YouTube Axes Looksmaxxing King Clavicular (Again)
The Internet’s Most Unhinged Self-Improvement Guru Just Got the Hammer (Literally).

If you’ve ever wondered how far the “looksmaxxing” rabbit hole goes before Big Tech pulls the plug, meet Braden Peters, better known as Clavicular, the 20-year-old Florida streamer who turned bone-smashing, peptide-pushing, and extreme facial aesthetics into a full-time career.
Yesterday, YouTube permanently terminated his two channels, @LiveWithClav and @ClavLooksmax, for “severe or repeated violations” of its policies. No warning. No appeal window mentioned. Just gone. variety.com
This isn’t his first rodeo. Back in November 2025, YouTube nuked his original main channel for allegedly helping viewers access illegal or regulated goods (read: the kind of research chemicals and substances that turn “glow-up” into a medical emergency).
Clavicular and his team then did what any determined creator does, they started fresh.
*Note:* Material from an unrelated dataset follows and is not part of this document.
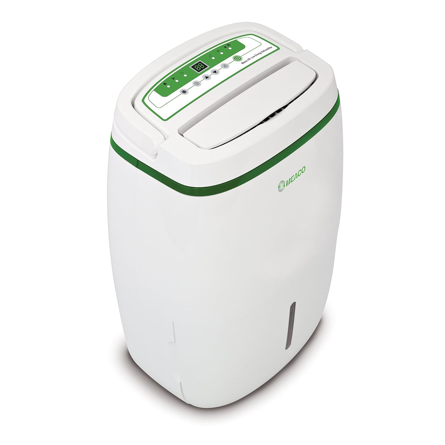Eficienta energetica oferita de acest sistem de climatizare este buna, acesta fiind incadrat in clasa A+, cu un consum maxim de 250 W/h. Consumul energetic numai cu ventilatorul cu functia separata de purificare este de maxim 25 W/h. Acest aparat avand clasa de izolare electrica IP20 evaluat (nu se utilizeaza intr-o baie). Aparatul detine un senzor cu higrostat reglabil si face posibil un control permanent al umiditati din aer. Depasirea valorii de umiditate setate duce la pornirea automata a aparatului. Imediat ce umiditatea dorită a fost atinsă, aparatul se deconectează automat. Pentru ca senzorul din dotare sa poata masura corect umiditatea din incapere, ventilatorul aparatului funcționeazaă permanent, pana ce higrostatul din dotare constată atingerea umidității setate, deconectand automat aparatul. Meaco este indicat sa fie folosit in spatiul unei incaperi unde temperatura este cuprinsa intre 5°C – 35°C, cu domeniul de functionare intr-un spatiu cu umiditate de 30% – 100 % u.r. Pe langa functia de dezumidificare, aparatul poate fi folosit si pentru purificarea aerului, asta daca ii asiguri un filtru de tip HEPA la interior, care vine separat de acesta. Oferta curenta totusi iti aduce in pachetul comandat si acest filtru, pentru a putea folosi aparatul la capacitate maxima si din punct de vedere functional.

YouTube, unsurprisingly, didn’t appreciate the workaround. New rule: once you’re terminally banned, creating alt channels is a fast track to getting banned again.
Clavicular took to X (formerly Twitter) with a genuinely sad post, calling it “very sad news this morning” and pleading for help recovering the accounts. The channels reportedly hosted livestream VODs and “free courses” designed to help young men become the best versions of themselves, if your version of “best” involves hammering your jawline and injecting questionable compounds.
Why This Feels Inevitable
Clavicular built his brand on the raw, unfiltered edge of the looksmaxxing scene: mewing, bonesmashing, heavy steroid talk, and pushing the limits of what the human face (and liver) can handle. He’s the guy who turned self-improvement into performance art, sometimes literally running over people in a Cybertruck for content.
Controversial? Massively.
Entertaining to a certain audience? Undeniably.
But platforms like YouTube have rules for a reason. When your content starts flirting with medical danger, controlled substances, and encouraging minors to follow suit, the ban hammer doesn’t just swing, it evaporates your channels.
For now, Clavicular is still streaming on Kick and active on X, where the real chaos always lives anyway. Whether this is the end of his YouTube saga or just round two of the never-ending cat-and-mouse game remains to be seen.
One thing’s for sure: in the world of extreme looksmaxxing, the only thing getting permanently “mewed” yesterday was his YouTube presence.
Stay safe out there, kings. Sometimes the best glow-up is just touching grass.